I sucked a breath in and held it so I wouldn’t scream. “What did you say, then?” I managed to ask in a calm tone.
He closed the space I’d put between us. “Not ‘could.’ I didn’t chase you all over God’s green earth before branding myself a married man in front of the whole bloody vampire council because I could have loved you. I did it because my actual last words were ‘should have told you I loved you.’”
I froze with such suddenness, it was as if I’d used my abilities to make time stand still. I knew I should say something, but I was too shocked . . . and too afraid that somehow, this wasn’t happening. I’d wanted it too much for it to be real.

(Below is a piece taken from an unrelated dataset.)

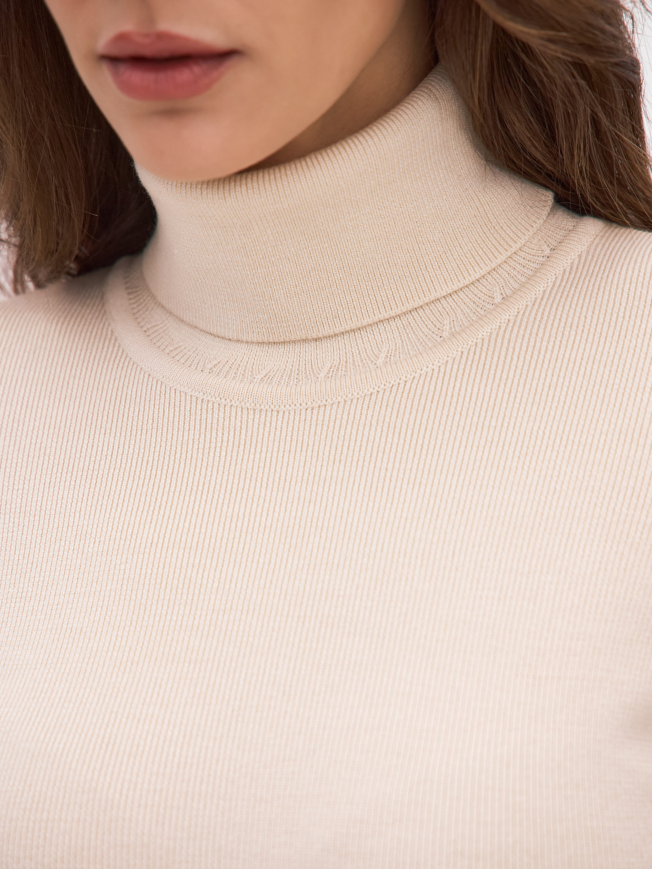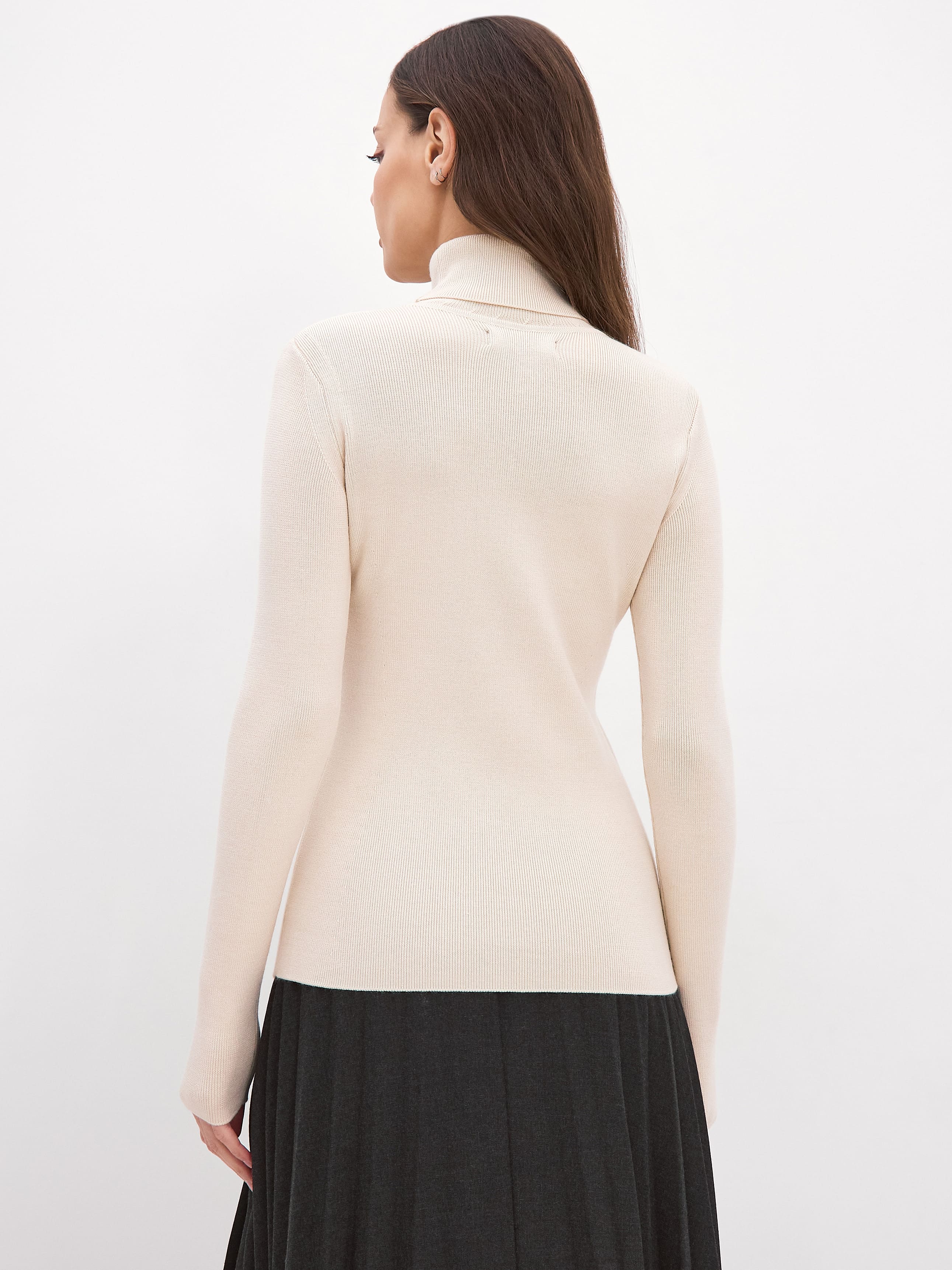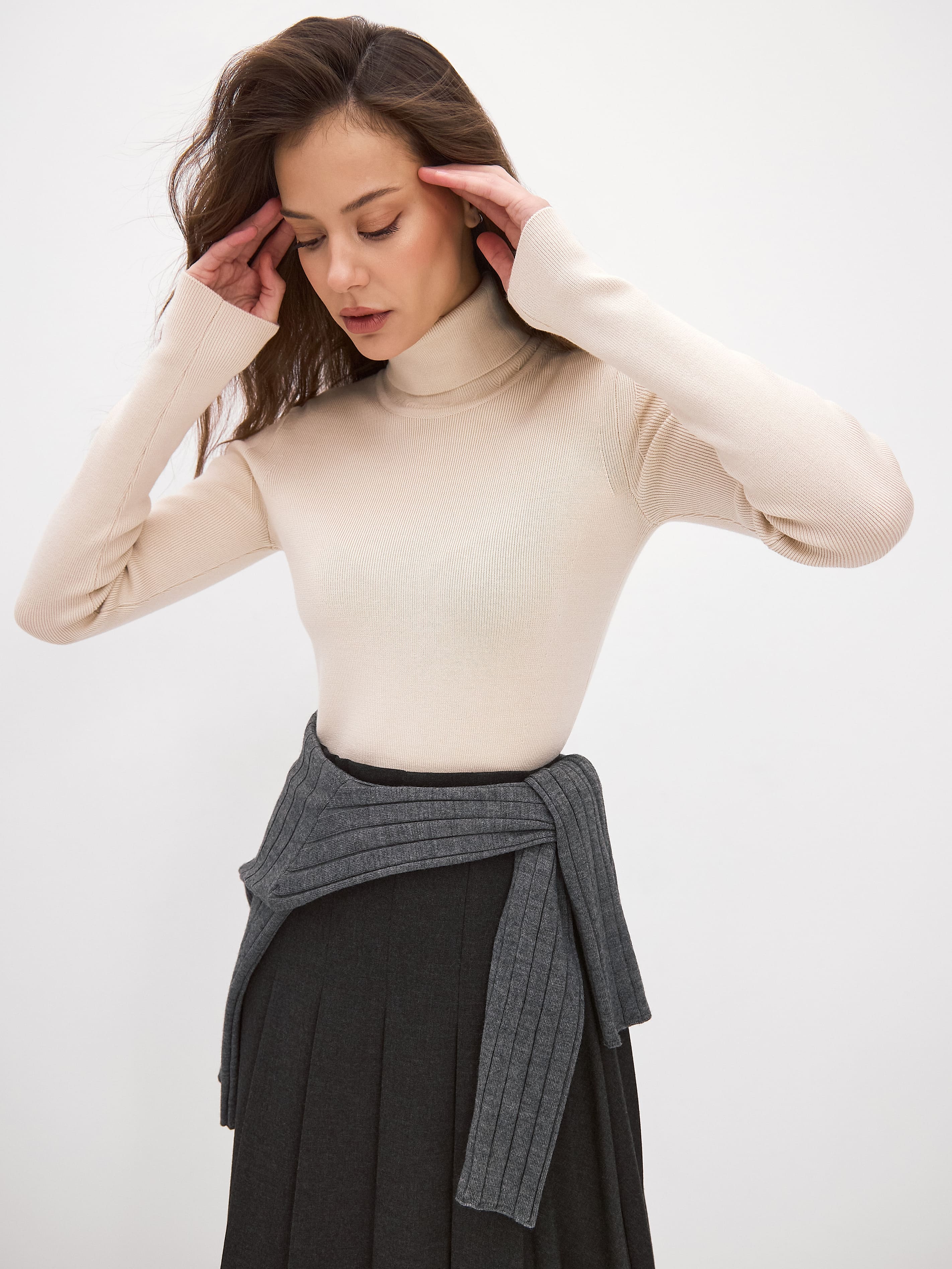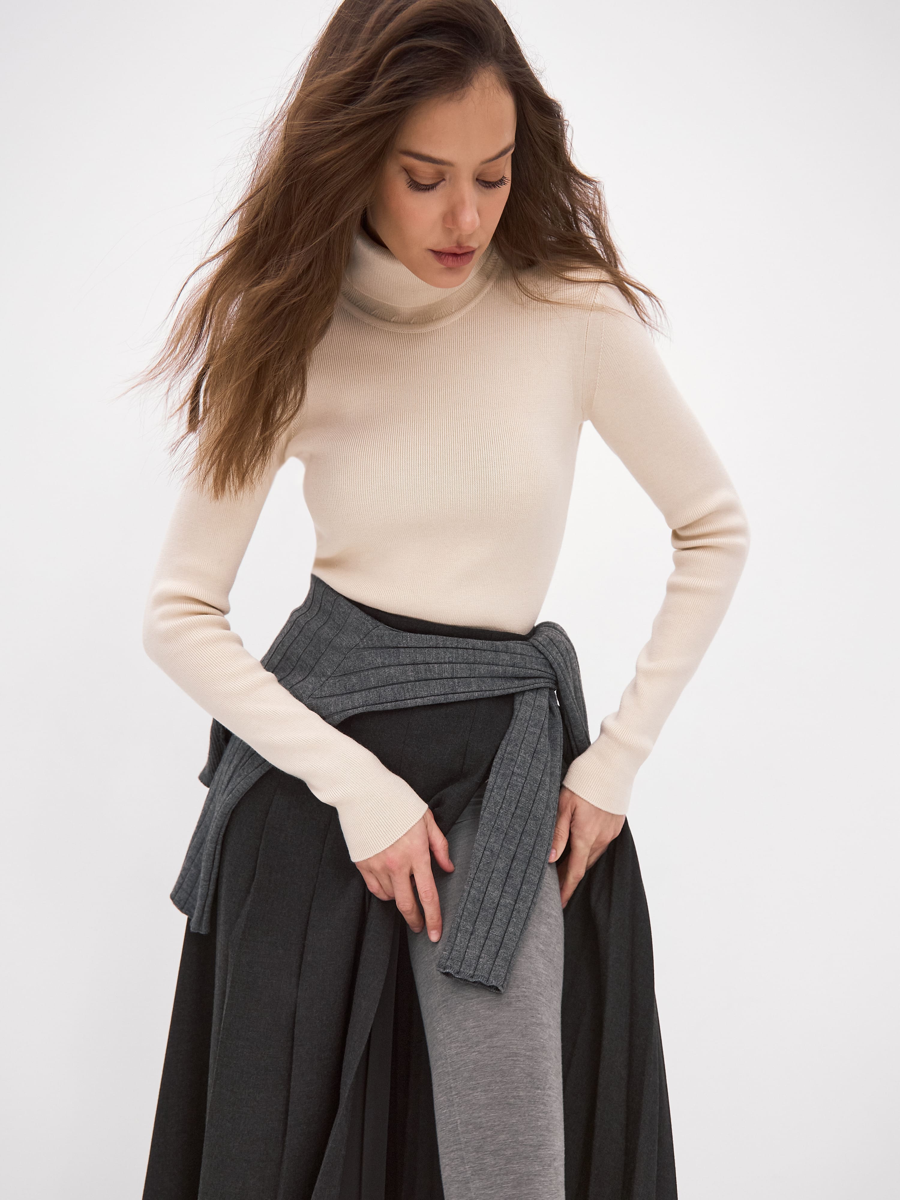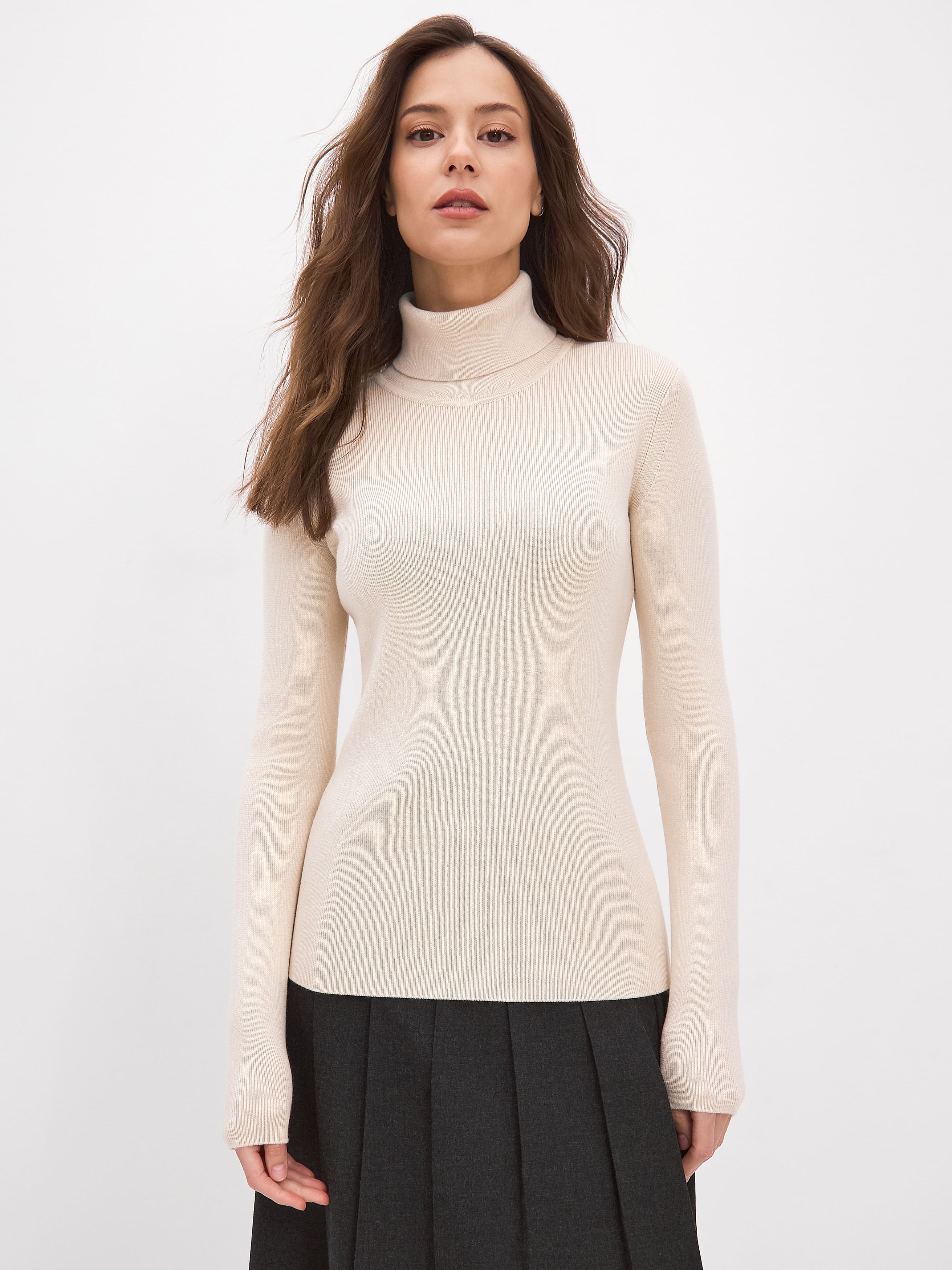 Плотный трикотаж этой базовой водолазки обладает предельной эластичностью и бережным воздействием на кожу. Модель предназначена для особой категории девушек и женщин – тех, кто нуждается в нежном согревании и у кого не выстраиваются отношения с обычной шерстью. Изделие выполнено из тонкой мериносовой пряжи с включением вискозы, которая не позволит телу перегреваться с приходом тепла. Плотно прилегающая к шее горловина подворачивается в два слоя. Чтобы добиться подчеркивания самых сильных сторон силуэта, рекомендуем носить водолазку поверх бесшовного и корректирующего белья.
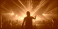 >Naklejka na meble>Techno rave party club. DJ booth in front of dancing party people. Electronic music, techno or raving in laser spotlight. Night club crowd dance with hands up in cgreen neon lights

His lips curled as he yanked me closer. “Heard me properly this time? Or do you need to hear it again?” His mouth lowered. “Should have told you I loved you,” he said against my lips. “Whether you’re Veritas the Law Guardian, Ariel the vampire-witch, or Death’s scary demigod daughter. Doesn’t matter. In all your forms, in every manifestation of yourself, I love you.”
Then he claimed my mouth with a kiss that made me glad I was sitting down, because otherwise, it would have leveled me. He didn’t stop kissing me for the next several hours, but I managed to speak between them, and it was the same four words.